### WHAT TO DO
Please output the section of the listing below that opens with the line containing "O curso de Formação" and closes with the line containing "在活动开展过程中,一次,果果", exactly and with nothing else.

### DATASET ENTRIES
:::

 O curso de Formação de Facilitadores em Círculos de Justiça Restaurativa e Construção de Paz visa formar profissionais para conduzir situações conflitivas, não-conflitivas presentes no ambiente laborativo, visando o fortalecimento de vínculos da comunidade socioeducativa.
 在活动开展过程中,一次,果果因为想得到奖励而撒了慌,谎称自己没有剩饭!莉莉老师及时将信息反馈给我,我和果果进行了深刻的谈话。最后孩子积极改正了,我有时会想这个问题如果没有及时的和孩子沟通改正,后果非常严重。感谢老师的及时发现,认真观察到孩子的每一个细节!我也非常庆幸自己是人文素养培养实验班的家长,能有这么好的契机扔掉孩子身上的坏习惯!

:::

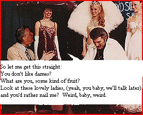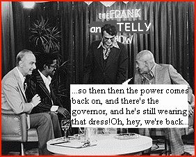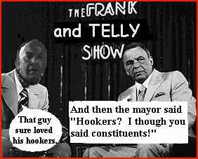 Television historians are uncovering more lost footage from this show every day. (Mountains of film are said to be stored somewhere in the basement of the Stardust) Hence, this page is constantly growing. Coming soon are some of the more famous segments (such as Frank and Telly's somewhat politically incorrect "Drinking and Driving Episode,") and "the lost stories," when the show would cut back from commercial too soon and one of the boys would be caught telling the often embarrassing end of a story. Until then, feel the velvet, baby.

:::

### RESULT OF THE TASK
 O curso de Formação de Facilitadores em Círculos de Justiça Restaurativa e Construção de Paz visa formar profissionais para conduzir situações conflitivas, não-conflitivas presentes no ambiente laborativo, visando o fortalecimento de vínculos da comunidade socioeducativa.
 在活动开展过程中,一次,果果因为想得到奖励而撒了慌,谎称自己没有剩饭!莉莉老师及时将信息反馈给我,我和果果进行了深刻的谈话。最后孩子积极改正了,我有时会想这个问题如果没有及时的和孩子沟通改正,后果非常严重。感谢老师的及时发现,认真观察到孩子的每一个细节!我也非常庆幸自己是人文素养培养实验班的家长,能有这么好的契机扔掉孩子身上的坏习惯!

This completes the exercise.